Nixeus NX-VUE27P 1440P IPS Monitor Review
Panel Backlight Bleed
An LCD or LCD LED-based monitor relies upon either one or multiple sources of light to illuminate the liquid crystals so as to create a visible image. In a perfect world, all the light would either go through the open crystals or be reflected back into the interior of the display via the closed crystals. Due to the manufacturing process, most monitors exhibit light leakage around the edges of the monitor. This issue is called ‘backlight bleed’ and can drastically lower the contrast near these affected areas. This causes colors to have a washed out appearance, with blacks appearing to be more gray that black. Ideally, a monitor should have zero bleeding, but if the amount is judged to be fairly minor we will consider it to be adequate.
To determine the amount of backlight bleed a given sample exhibits, we have placed the monitor in a completely dark room and have taken a series of pictures of the monitor using a Nikon D810 with a 24-70 F2.8E VR lens. In between each shot the ISO is raised by one stop until a picture is captured that shows the amount of backlight bleed occurring.
For a monitor in this price range, the amount of backlight bleed is certainly nothing to write home about. We have seen worse and we have seen better. Thankfully, few users ever use their computer completely in the dark. Under more common viewing scenarios, this level of bleed is barely perceptible with mainly a washing out of contrast in the affected area.
Gamma correction is one of the hardest terms to explain.
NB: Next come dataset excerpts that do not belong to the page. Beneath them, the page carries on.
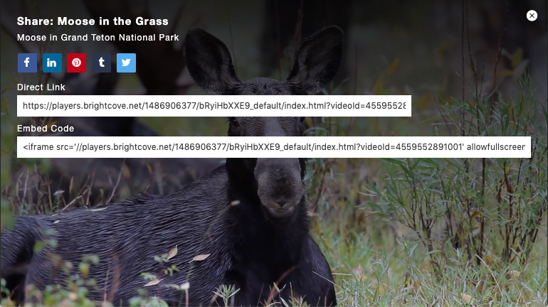 Players can be configured so the video content can be shared to popular social media sites. When social sharing is enabled, a share icon will appear in the title and description dock.
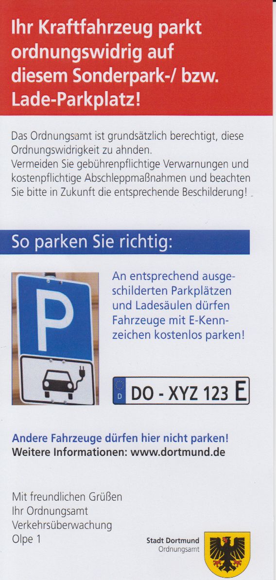 D.h. ich (ladend, aber ohne E-Kennzeichen) dürfte dort abgeschleppt werden, zu Gunsten eines Dauerparkers mit E-Kennzeichen.
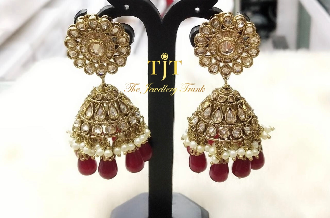 Ruby drops with pff white lariyaFor custom and urgent orders please contact us via email on info@thejewellerytrunk.com, alternatively whatsapp us on +447896705464
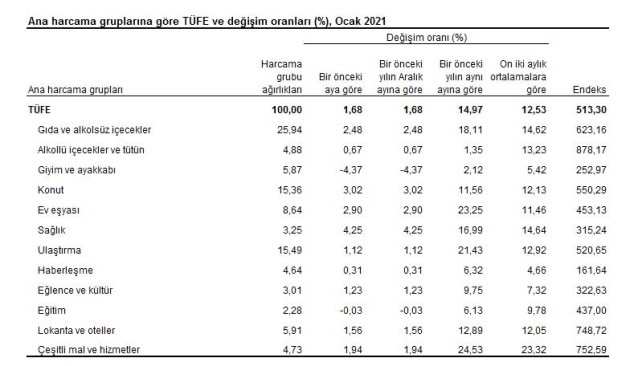 Tüketici fiyat Endeksi'nde (TÜFE) 2021 yılı Ocak ayında bir önceki aya göre %1,68, bir önceki yılın Aralık ayına göre %1,68, bir önceki yılın aynı ayına göre %14,97 ve on iki aylık ortalamalara göre %12,53 artış gerçekleşti.
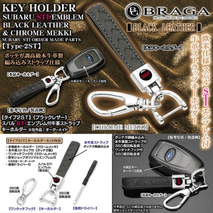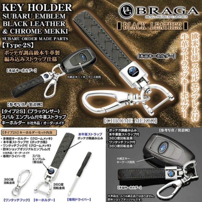 《スバルロゴマーク エンブレム付キーホルダー》[タイプ2S]3D立体エンブレム/ブラック本牛革製ストラップ&クロームメッキ金具セッ...
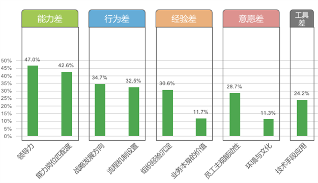 但人效提升是一项系统性的工程,牵涉到企业的方方面面。《企业人效白皮书》调研结果显示,影响企业人效的因素很复杂,包含人的因素、策略执行因素、企业知识水平、业务和产品因素等等,如图:

However, for our purposes the gamma correction of any electronics device is how bright or dark an image will be displayed on a screen.
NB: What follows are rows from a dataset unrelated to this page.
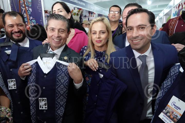 Luis Gerardo Quijano, alcalde de Magdalena Contreras; Lía Limón, alcaldesa de Álvaro Obregón; Giovanni Gutiérrez, alcalde de Coyoacán, y su esposa, y Mauricio Vila Dosal, gobernador de Yucatán, y Giovanni Gutiérrez, alcalde de Coyoacán, durante la Feria "Yucatán Expone", realizado en la explanada de esta demarcación
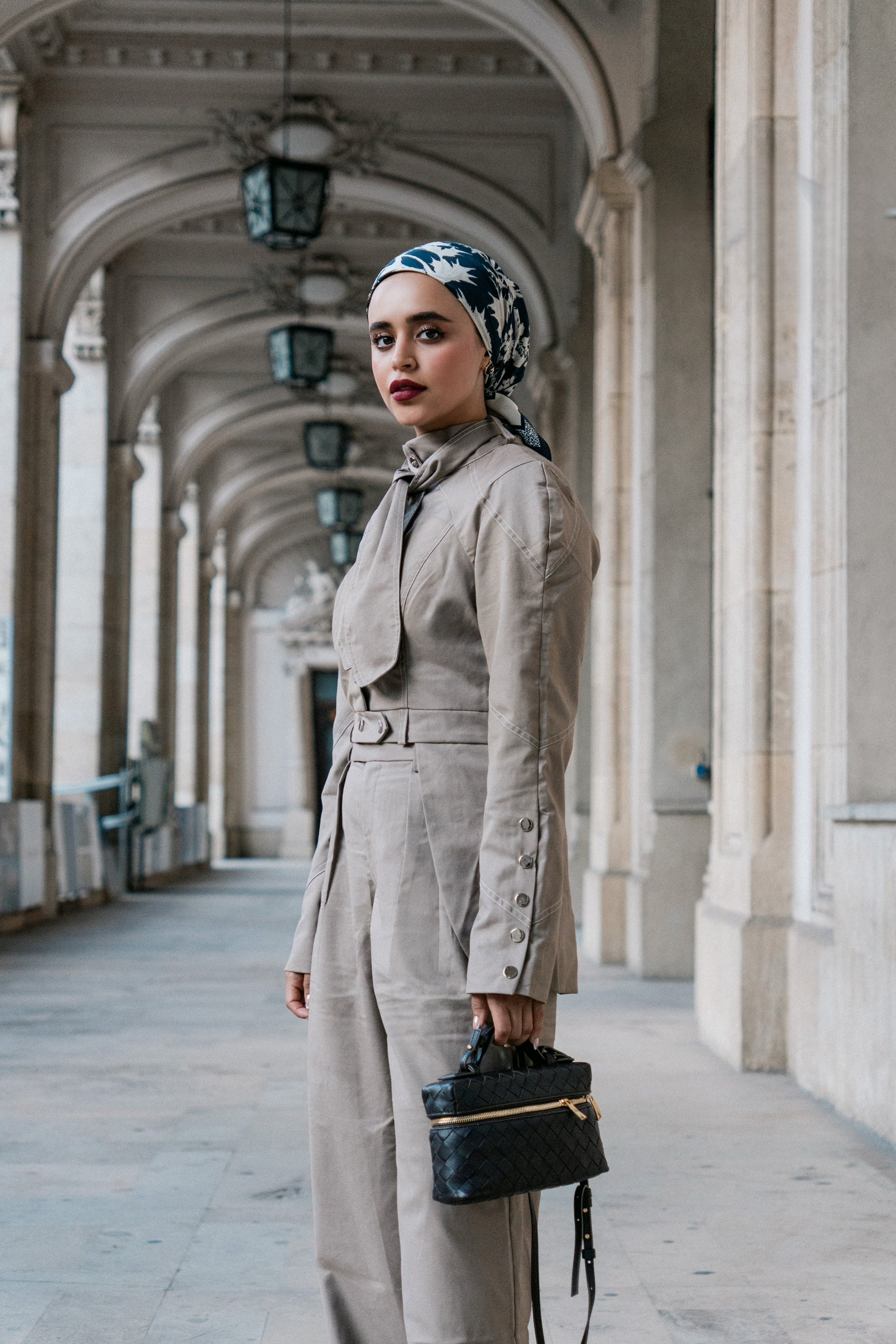 طقم مكوّن من بليزر وبنطلون بلون خاكي أنيق، بتفاصيل دقيقة تعكس فخامة التصميم وقوة الحضور.
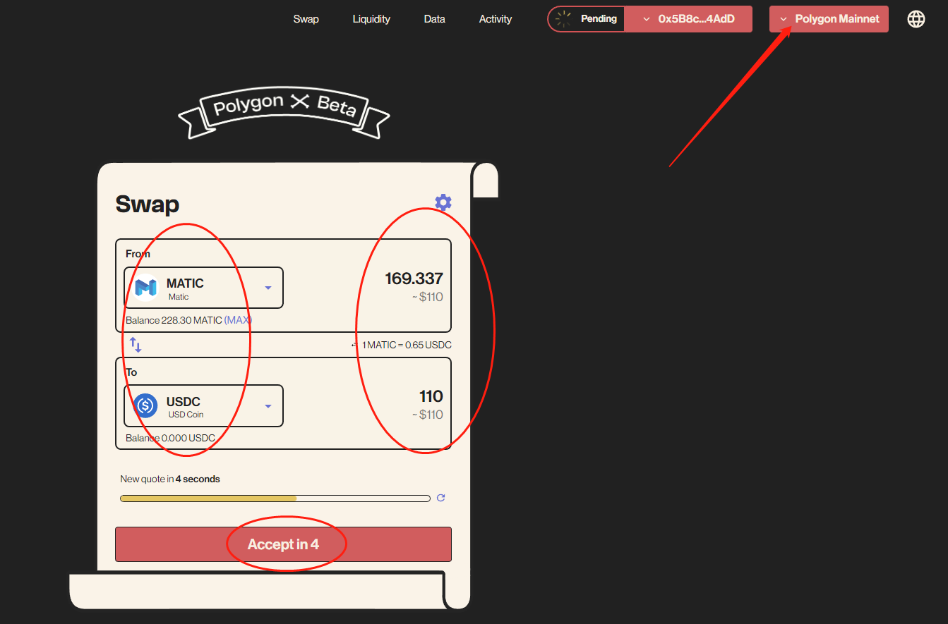 2,然后在clipper上面我们可以把跨链过来的MATIC兑换100个USDC一会备用。备注(空投埋伏),以后交易可以尽量用到。

All PC devices now use 2.20 gamma as the default. Any variance from this will result in an image being either underexposed – which will create black crush and reduced shadow detail – or washed out with overexposed highlights level detail.
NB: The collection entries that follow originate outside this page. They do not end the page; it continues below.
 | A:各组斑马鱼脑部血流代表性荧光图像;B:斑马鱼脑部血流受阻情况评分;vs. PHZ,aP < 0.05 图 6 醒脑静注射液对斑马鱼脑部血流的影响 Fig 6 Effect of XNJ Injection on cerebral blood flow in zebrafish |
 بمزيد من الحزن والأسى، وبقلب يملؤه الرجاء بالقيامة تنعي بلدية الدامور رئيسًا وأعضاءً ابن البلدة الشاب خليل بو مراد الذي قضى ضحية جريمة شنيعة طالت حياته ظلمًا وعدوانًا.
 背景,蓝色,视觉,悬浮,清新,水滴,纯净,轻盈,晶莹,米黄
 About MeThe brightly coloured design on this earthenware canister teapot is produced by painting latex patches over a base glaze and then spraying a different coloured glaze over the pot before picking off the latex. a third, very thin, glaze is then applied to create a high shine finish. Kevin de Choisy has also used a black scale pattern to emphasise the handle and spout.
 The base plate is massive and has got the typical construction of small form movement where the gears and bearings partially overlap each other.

While 2.20 is the gold standard, a minor deviation of 0.10 will in all likelihood never be noticed by anyone other than professional photographers. Higher levels of deflection however will be noticed by just about everyone.
It is obvious the Nixeus NX-VUE27P 1440P Monitor does not come factory calibrated, but that is to be expected as this is an inexpensive monitor. What was not expected was how poor the default really was. Since there is no real gamma adjustment built into the OSD – beyond on and off – people will have to opt for off panel options like driver software. Thankfully, a colorimeter is not that big of an investment, and one that will pay dividends for years and years.